-- THE DATA --
■ ■ ■

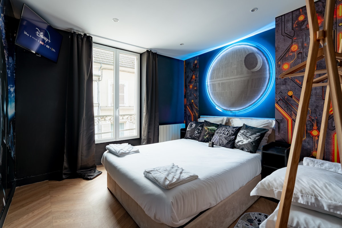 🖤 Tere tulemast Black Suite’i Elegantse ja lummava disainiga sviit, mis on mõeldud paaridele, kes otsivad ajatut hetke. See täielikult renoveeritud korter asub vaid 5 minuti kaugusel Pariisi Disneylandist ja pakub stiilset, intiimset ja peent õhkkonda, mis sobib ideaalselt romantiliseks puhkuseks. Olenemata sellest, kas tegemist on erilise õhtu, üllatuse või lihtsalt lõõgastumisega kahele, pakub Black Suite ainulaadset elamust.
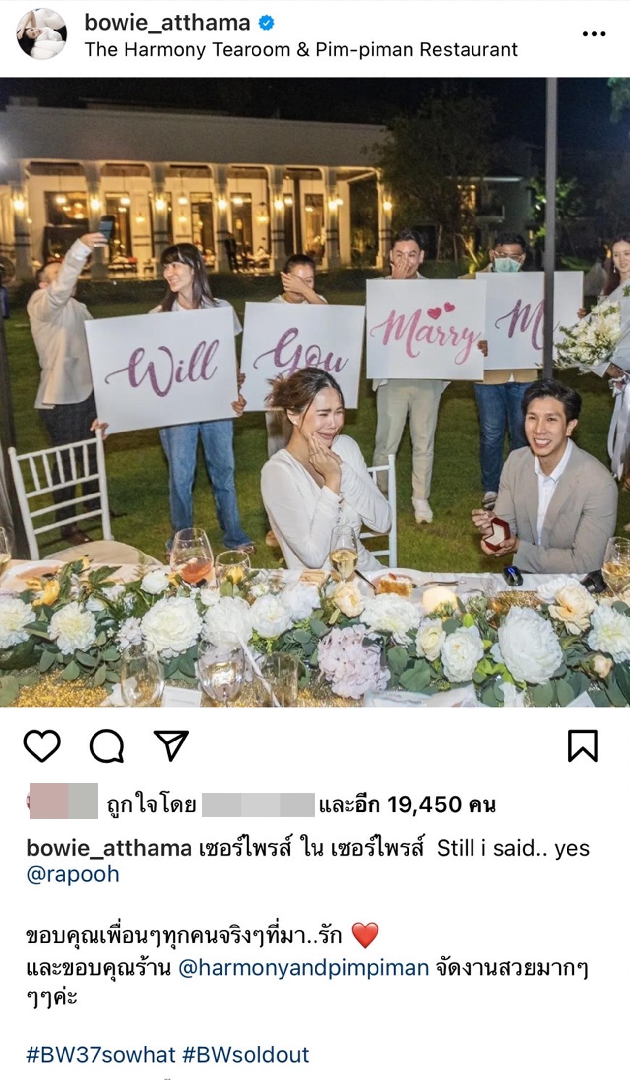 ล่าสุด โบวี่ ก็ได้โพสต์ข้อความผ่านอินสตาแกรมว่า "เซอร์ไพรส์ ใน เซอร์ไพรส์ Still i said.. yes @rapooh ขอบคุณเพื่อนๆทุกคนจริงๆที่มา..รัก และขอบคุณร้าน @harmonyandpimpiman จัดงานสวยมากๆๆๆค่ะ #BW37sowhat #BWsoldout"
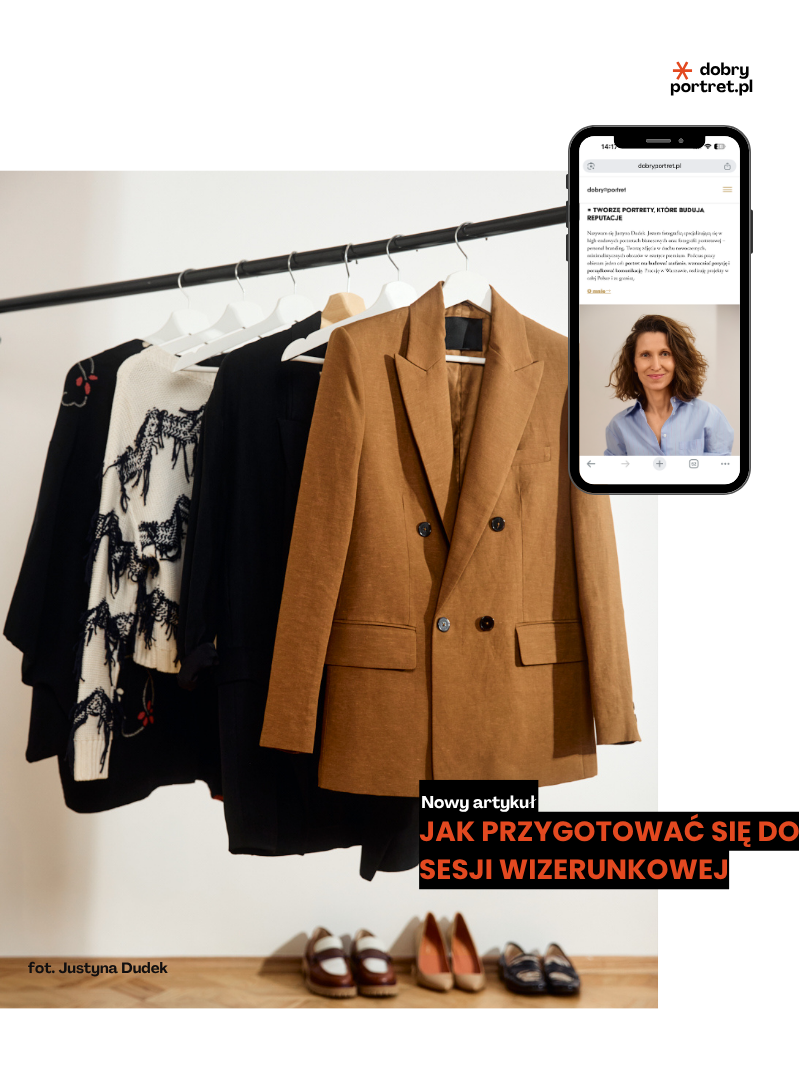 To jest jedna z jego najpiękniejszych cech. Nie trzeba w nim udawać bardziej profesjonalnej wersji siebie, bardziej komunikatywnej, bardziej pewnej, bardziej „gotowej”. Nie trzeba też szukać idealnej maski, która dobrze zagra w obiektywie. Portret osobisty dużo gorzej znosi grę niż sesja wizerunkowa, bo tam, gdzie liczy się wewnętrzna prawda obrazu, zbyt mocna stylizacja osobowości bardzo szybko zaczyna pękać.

■ ■ ■

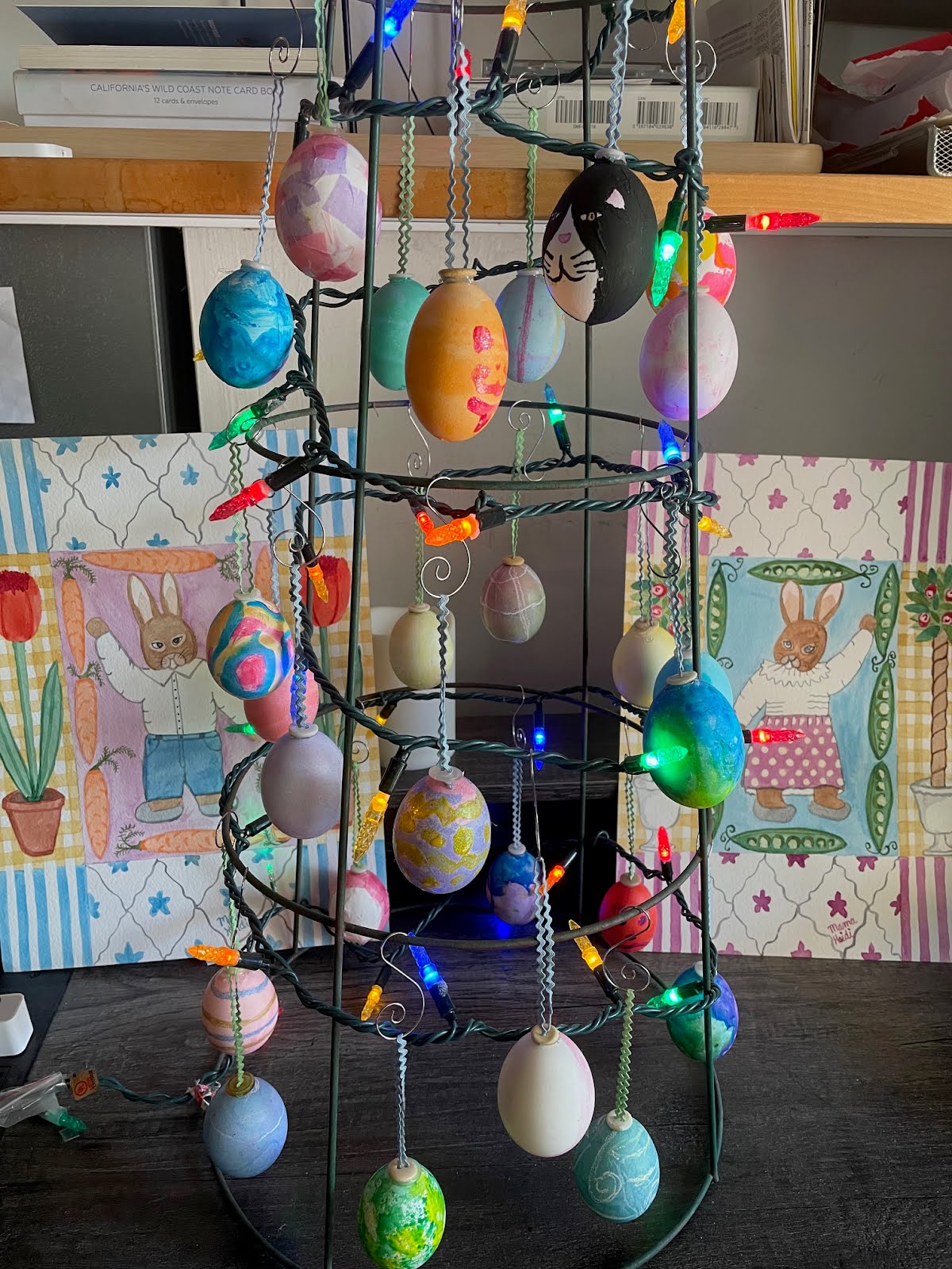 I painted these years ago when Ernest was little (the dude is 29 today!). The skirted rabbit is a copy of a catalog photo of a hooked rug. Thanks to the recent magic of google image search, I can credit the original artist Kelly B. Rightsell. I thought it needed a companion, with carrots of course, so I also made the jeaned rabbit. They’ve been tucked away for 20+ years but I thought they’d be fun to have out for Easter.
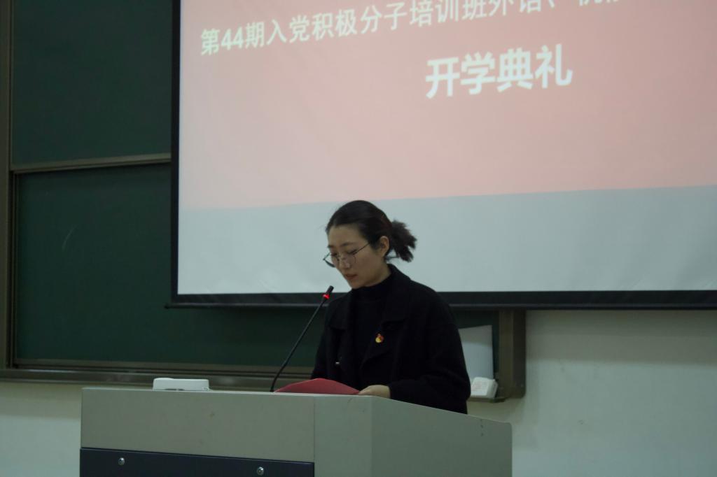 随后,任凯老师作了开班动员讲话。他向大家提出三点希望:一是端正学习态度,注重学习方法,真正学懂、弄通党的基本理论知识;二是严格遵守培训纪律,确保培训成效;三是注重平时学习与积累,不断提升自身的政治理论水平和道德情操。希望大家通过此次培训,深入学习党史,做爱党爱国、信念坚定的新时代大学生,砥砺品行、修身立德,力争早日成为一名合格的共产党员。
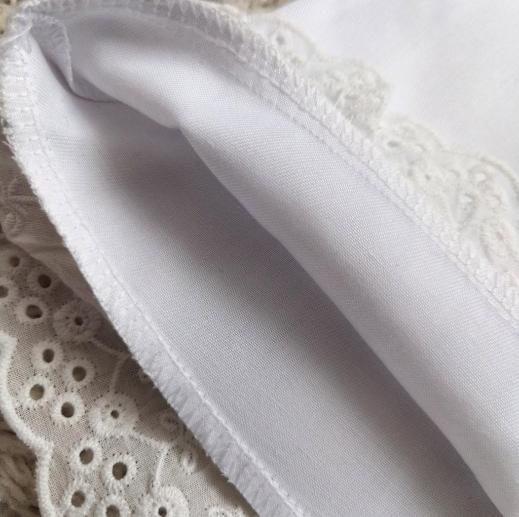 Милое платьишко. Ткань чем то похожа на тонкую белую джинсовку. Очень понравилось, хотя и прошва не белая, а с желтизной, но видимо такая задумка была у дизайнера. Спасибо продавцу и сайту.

■ ■ ■

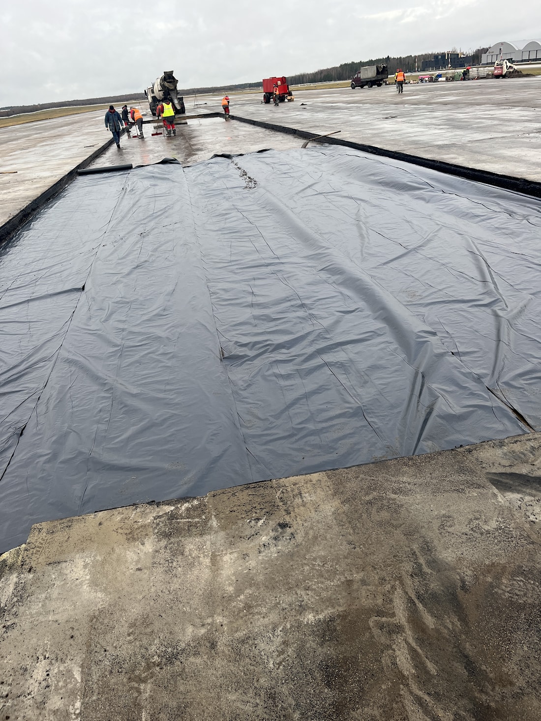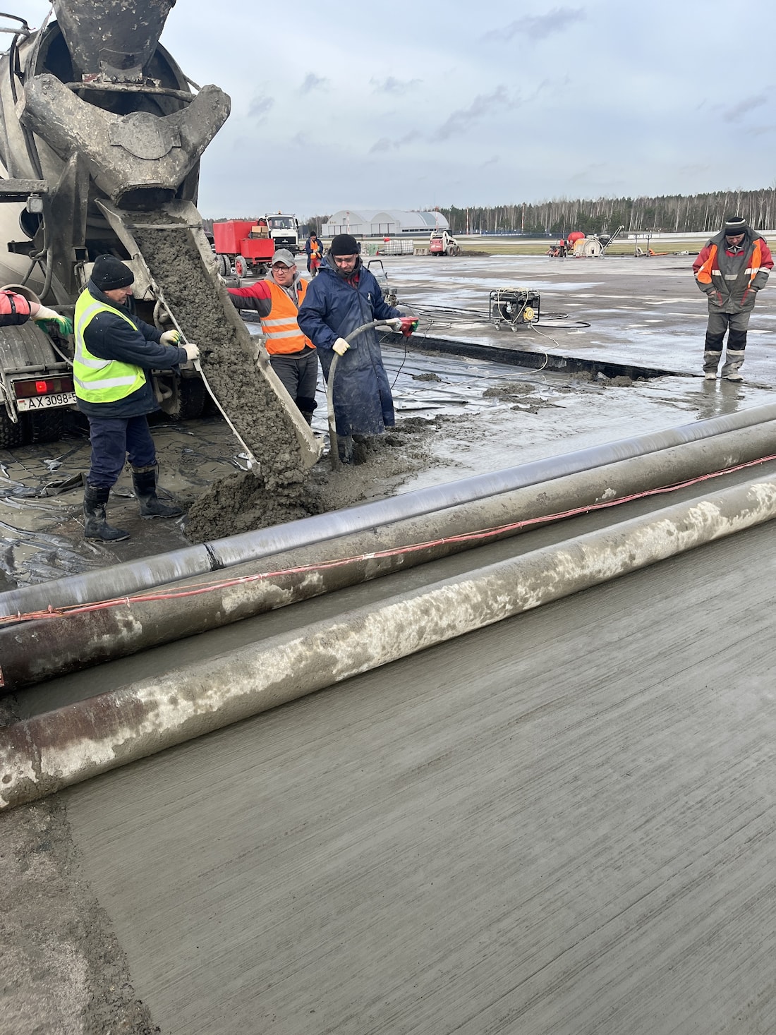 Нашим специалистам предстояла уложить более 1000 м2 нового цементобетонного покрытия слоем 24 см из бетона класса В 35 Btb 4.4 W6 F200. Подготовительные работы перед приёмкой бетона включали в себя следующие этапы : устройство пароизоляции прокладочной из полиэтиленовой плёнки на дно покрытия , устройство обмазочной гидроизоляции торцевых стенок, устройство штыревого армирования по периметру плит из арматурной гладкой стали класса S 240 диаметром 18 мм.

■ ■ ■

-- ACTION ITEM --
In the listing above, find the line containing "随后,任凯老师作了开班动员讲" and the line containing "Милое платьишко. Ткань", then output those two lines and everything between them exactly as written, without the images.

-- RESPONSE --
 随后,任凯老师作了开班动员讲话。他向大家提出三点希望:一是端正学习态度,注重学习方法,真正学懂、弄通党的基本理论知识;二是严格遵守培训纪律,确保培训成效;三是注重平时学习与积累,不断提升自身的政治理论水平和道德情操。希望大家通过此次培训,深入学习党史,做爱党爱国、信念坚定的新时代大学生,砥砺品行、修身立德,力争早日成为一名合格的共产党员。
 Милое платьишко. Ткань чем то похожа на тонкую белую джинсовку. Очень понравилось, хотя и прошва не белая, а с желтизной, но видимо такая задумка была у дизайнера. Спасибо продавцу и сайту.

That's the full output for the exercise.